What not to worry about: Don’t obsess over every minor typo. Focus on the fields that matter for segmentation and outreach.
Step 5: Automate—But Don’t Set and Forget
Automating enrichment saves time, but it’s not a Ronco rotisserie—you can’t just “set it and forget it.”
- Schedule enrichment runs for new contacts, but review results regularly. Bad data slips through even the best APIs.
- Flag and review exceptions. If the system can’t enrich a field, decide if it’s worth manual research or just leave it blank.
- Build a feedback loop: If sales or marketing finds a bad record, make it easy for them to flag and fix it. Even a shared Google Sheet beats nothing.
Caution: Automation amplifies mistakes. One bad mapping rule can ruin thousands of records overnight if you’re not paying attention.
Step 6: Use Enriched Data for Smarter Targeting
Now that your contact data is cleaner and richer, actually put it to work:
- Segment with confidence: Build lists based on your must-have fields. Don’t pretend you have perfect data—use “likely” matches and test your segments.

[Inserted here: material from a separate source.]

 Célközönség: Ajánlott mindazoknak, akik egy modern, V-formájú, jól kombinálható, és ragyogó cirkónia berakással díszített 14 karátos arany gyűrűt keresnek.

- Personalize outreach: Use accurate job titles and company names for better open and reply rates.
- Score and prioritize: If you have enough data, use it to score leads (just keep your scoring rules simple and transparent).
What to ignore: Overly complex lead scoring models, “AI-powered” segmentation that you can’t explain, or any targeting that relies on data you don’t trust.

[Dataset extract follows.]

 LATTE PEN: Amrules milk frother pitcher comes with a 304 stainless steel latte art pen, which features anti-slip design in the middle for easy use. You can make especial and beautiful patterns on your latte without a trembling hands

Troubleshooting Common Issues
Even with the best process, you’ll hit snags. Here’s how to handle them:
- Low match rates? Your data provider might be weak, or your contact info is too spotty. Try filling in emails or LinkedIn URLs first—they’re the best keys for enrichment.

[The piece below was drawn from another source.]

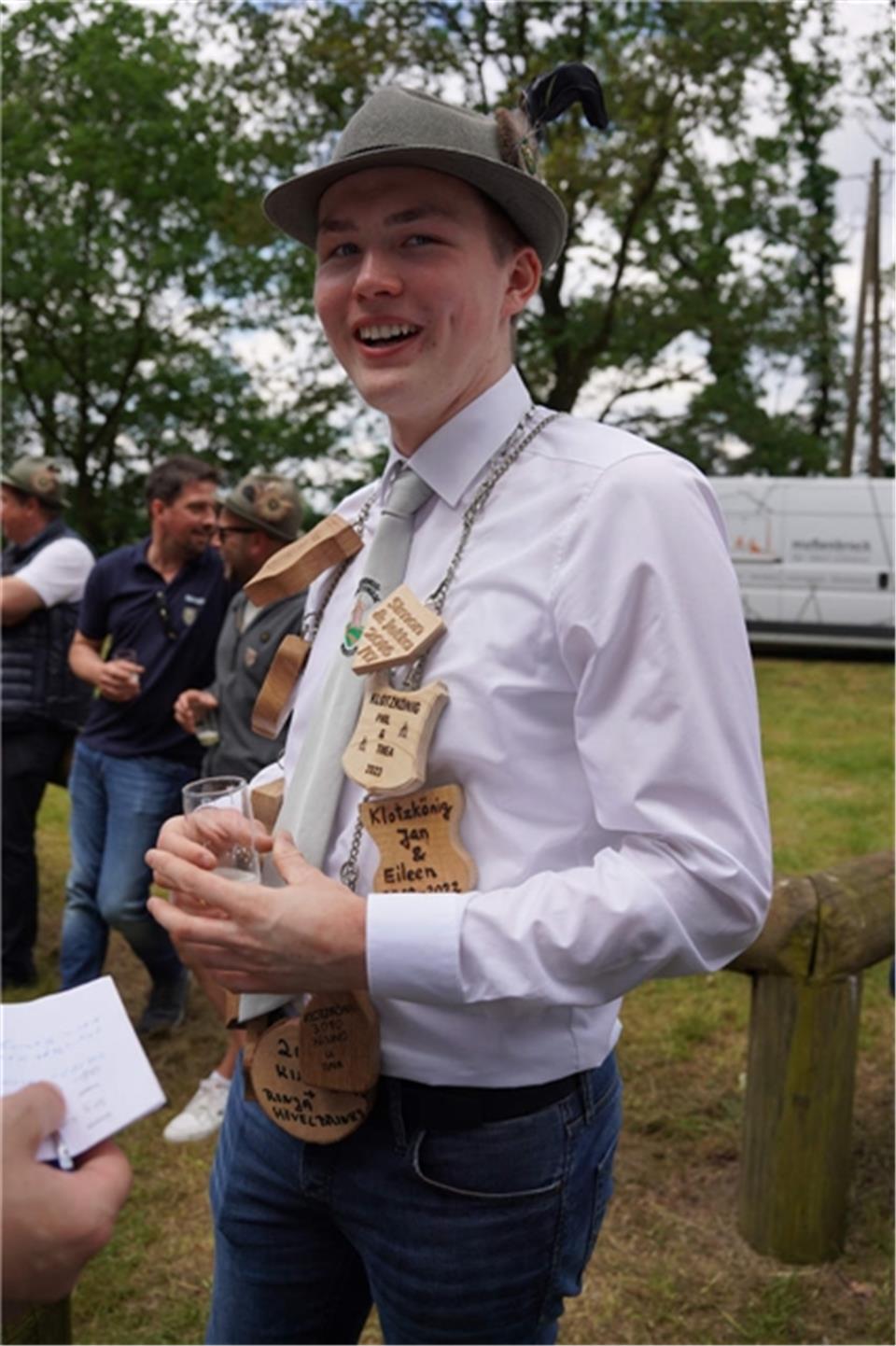 Außerdem Grund zum Feiern hatten auch die Schützen, die in diesem Jahr die Insignien von der Stange holten. Julius Lechtenberg schoss den linken und Hubertus Strotmann den rechten Flügel. Dagmar Jeske holte sich das Zepter, Bernhard Liemann den Apfel und Jörg Sanders sicherte sich die Krone. Nach dem Hochleben des neuen Königspaars und den obligatorischen Fotos war die Zeit des Klotzschießens gekommen. So konnte sich auch der Nachwuchs an der Vogelstange versuchen. Dabei triumphierte Jan Hendrik Einck. Seine Klotzkönigin wurde Emma van Üüm. Kinderschützenkönigin wurde am Vortag Clara Hülskamp. Sie erwählte Bernd Hagmann als ihren Mitregenten.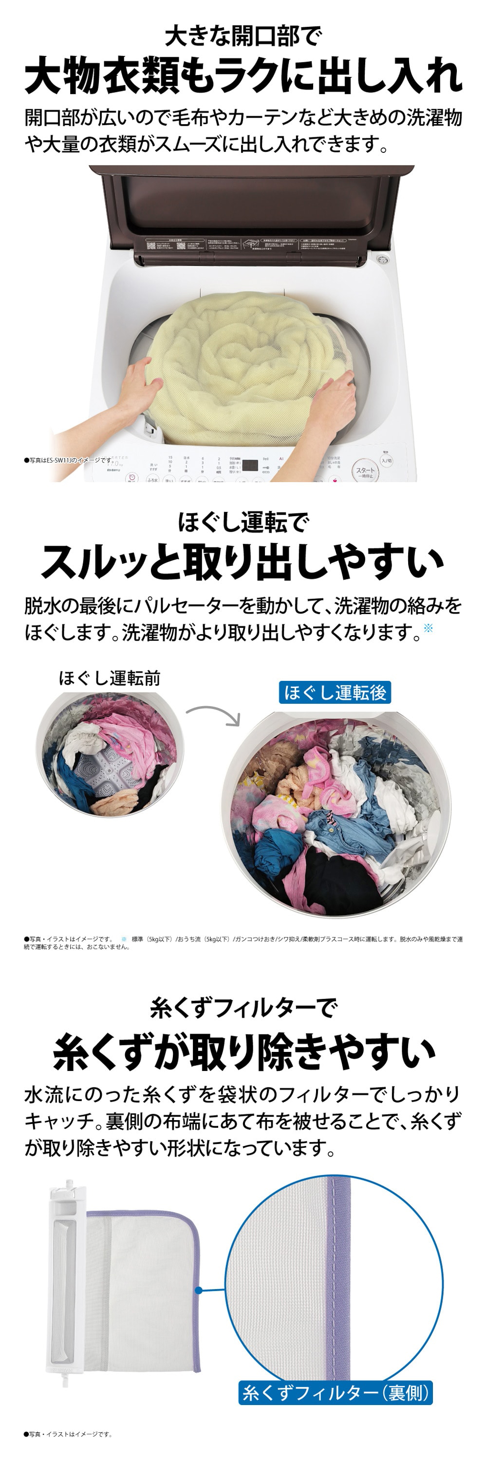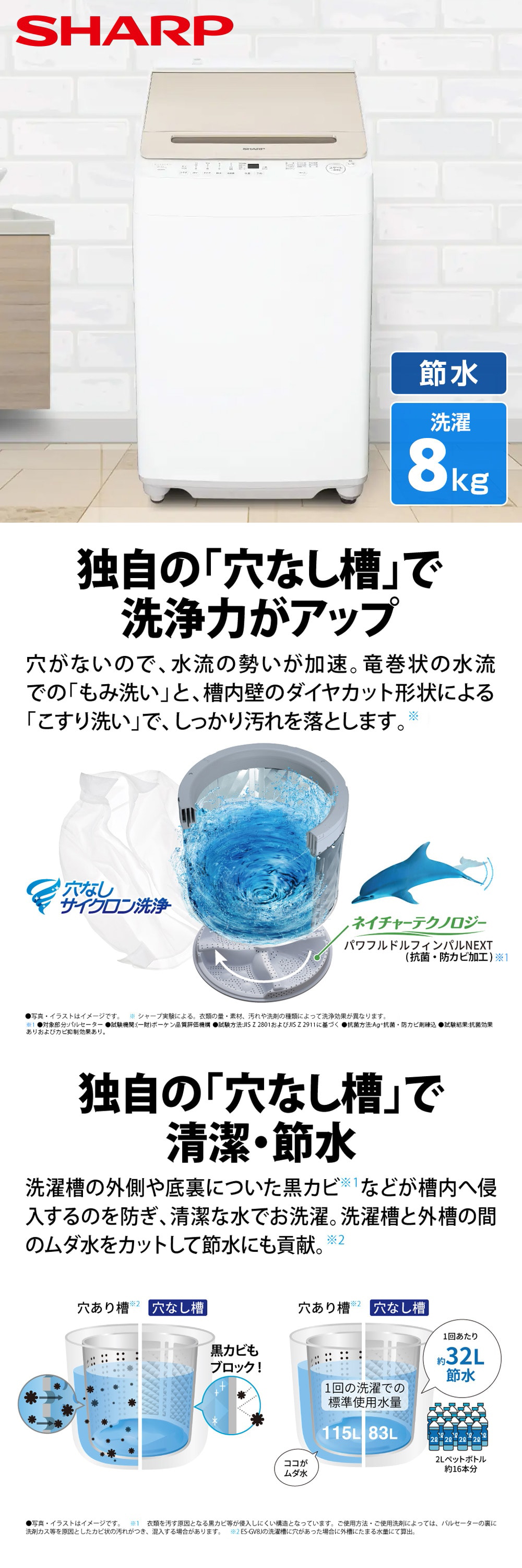 ※1 シャープ実験による。衣類の量・素材、汚れや洗剤の種類によって洗浄効果が異なります。

- Conflicting data? When two sources say different things, default to the one with the most recent update, or the one you trust more. Document your logic.
- Field bloat? If you end up with dozens of fields you never use, prune aggressively. Too much clutter just slows everyone down.
Real Talk: What Works, What Doesn’t
What works: - Keeping your data simple and focused on what actually drives revenue. - Regular, small-batch enrichment and cleanup—not once-a-year “data days.” - Letting real users (sales, marketing, support) flag problems.
What doesn’t: - Trusting any vendor who claims 95%+ accuracy. That’s fantasy. - Enriching every possible field “just in case.” - Ignoring cleanup because “the tool will fix it for me.”
Ignore the hype: There’s no such thing as a fully “automated, AI-driven data enrichment engine” that gets it right 100% of the time. Good enrichment is part process, part tooling, part common sense.
Keep It Simple—and Iterate
Don’t get paralyzed trying to make your database perfect. Start with the fields that matter, clean them up, enrich from sources you trust, and sanity-check the results. Every quarter or so, revisit your enrichment rules and see what’s actually helping your team target better.
If you keep it simple and improve in small steps, you’ll get far better results than chasing the latest “AI-powered” add-on. Clean data beats clever tools every time.